### [Exercise materials]
# # #

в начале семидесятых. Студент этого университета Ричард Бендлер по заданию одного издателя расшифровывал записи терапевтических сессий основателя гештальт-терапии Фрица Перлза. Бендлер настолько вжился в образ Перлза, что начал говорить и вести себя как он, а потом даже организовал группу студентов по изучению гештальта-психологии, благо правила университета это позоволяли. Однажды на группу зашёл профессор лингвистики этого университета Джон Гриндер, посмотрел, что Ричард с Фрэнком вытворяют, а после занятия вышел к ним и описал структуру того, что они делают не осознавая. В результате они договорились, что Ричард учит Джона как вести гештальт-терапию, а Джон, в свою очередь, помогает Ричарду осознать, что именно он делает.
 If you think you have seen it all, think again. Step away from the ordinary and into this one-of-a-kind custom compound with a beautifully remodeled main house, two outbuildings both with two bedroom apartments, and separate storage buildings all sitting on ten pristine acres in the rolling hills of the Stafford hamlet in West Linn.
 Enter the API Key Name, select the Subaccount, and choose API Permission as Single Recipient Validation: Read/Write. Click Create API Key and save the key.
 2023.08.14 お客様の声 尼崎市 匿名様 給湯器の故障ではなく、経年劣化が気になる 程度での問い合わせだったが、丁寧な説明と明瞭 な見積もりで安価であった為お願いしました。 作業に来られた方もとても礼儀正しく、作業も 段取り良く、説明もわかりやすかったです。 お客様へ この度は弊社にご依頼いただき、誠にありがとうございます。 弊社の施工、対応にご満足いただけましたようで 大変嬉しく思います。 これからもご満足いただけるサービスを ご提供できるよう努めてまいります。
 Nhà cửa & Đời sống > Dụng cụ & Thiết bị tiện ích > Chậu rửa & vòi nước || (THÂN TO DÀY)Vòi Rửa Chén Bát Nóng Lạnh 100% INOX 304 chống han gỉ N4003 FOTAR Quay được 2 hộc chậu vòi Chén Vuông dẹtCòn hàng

# # #

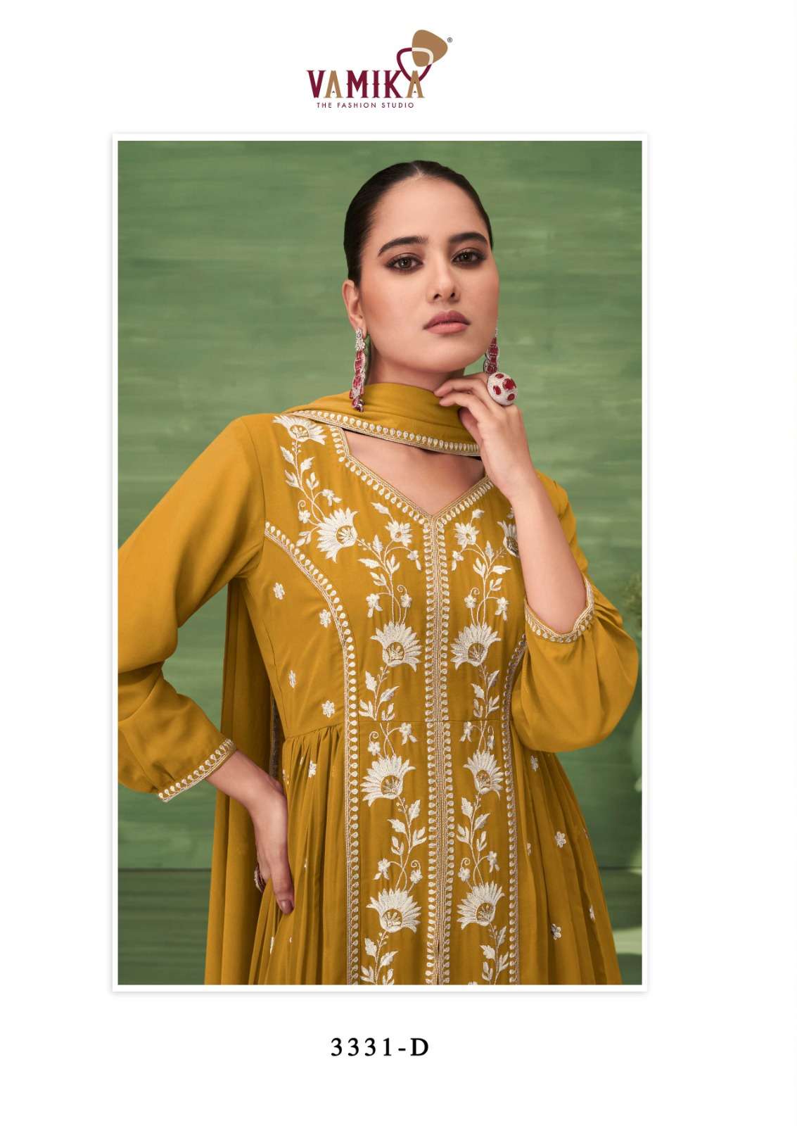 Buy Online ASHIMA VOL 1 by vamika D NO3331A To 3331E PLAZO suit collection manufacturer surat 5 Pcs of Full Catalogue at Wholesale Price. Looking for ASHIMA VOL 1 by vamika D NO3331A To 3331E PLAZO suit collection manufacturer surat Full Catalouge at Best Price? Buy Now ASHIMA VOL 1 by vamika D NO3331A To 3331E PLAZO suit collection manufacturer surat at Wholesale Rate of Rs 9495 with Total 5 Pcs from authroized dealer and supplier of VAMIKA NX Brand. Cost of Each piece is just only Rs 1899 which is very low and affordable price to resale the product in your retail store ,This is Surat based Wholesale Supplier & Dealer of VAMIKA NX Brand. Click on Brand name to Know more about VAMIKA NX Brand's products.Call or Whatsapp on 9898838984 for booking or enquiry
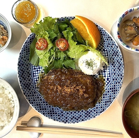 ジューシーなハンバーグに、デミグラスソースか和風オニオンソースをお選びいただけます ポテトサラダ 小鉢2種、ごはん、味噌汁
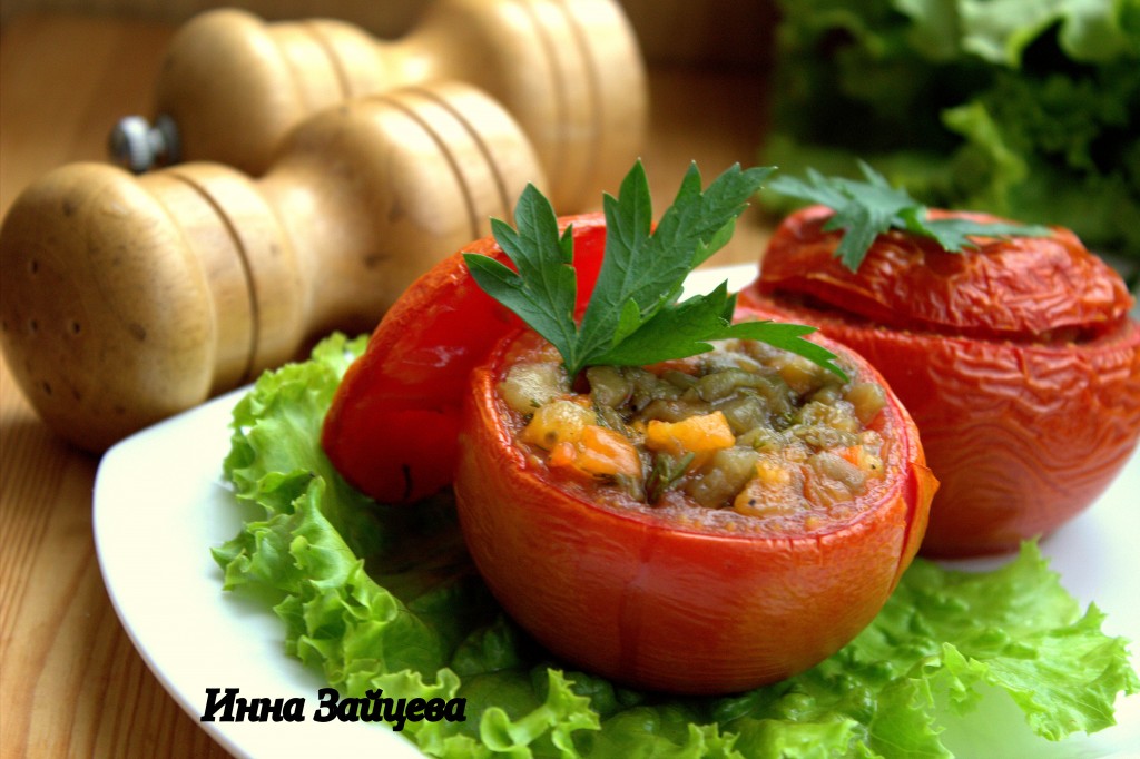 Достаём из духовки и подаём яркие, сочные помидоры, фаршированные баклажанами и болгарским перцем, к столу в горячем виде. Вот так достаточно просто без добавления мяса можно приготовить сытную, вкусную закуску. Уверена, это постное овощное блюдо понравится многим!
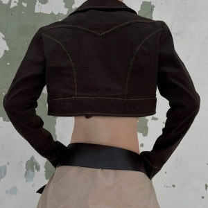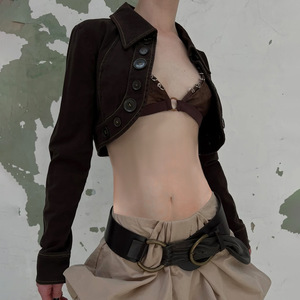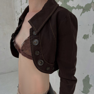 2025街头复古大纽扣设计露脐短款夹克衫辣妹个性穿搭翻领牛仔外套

# # #

### [Exercise aim]
Wherever the line holding "If you think" falls in the entries above, copy exactly from it through the line holding "Enter the API", inclusive, and add nothing.

### [Solution to this task]
 If you think you have seen it all, think again. Step away from the ordinary and into this one-of-a-kind custom compound with a beautifully remodeled main house, two outbuildings both with two bedroom apartments, and separate storage buildings all sitting on ten pristine acres in the rolling hills of the Stafford hamlet in West Linn.
 Enter the API Key Name, select the Subaccount, and choose API Permission as Single Recipient Validation: Read/Write. Click Create API Key and save the key.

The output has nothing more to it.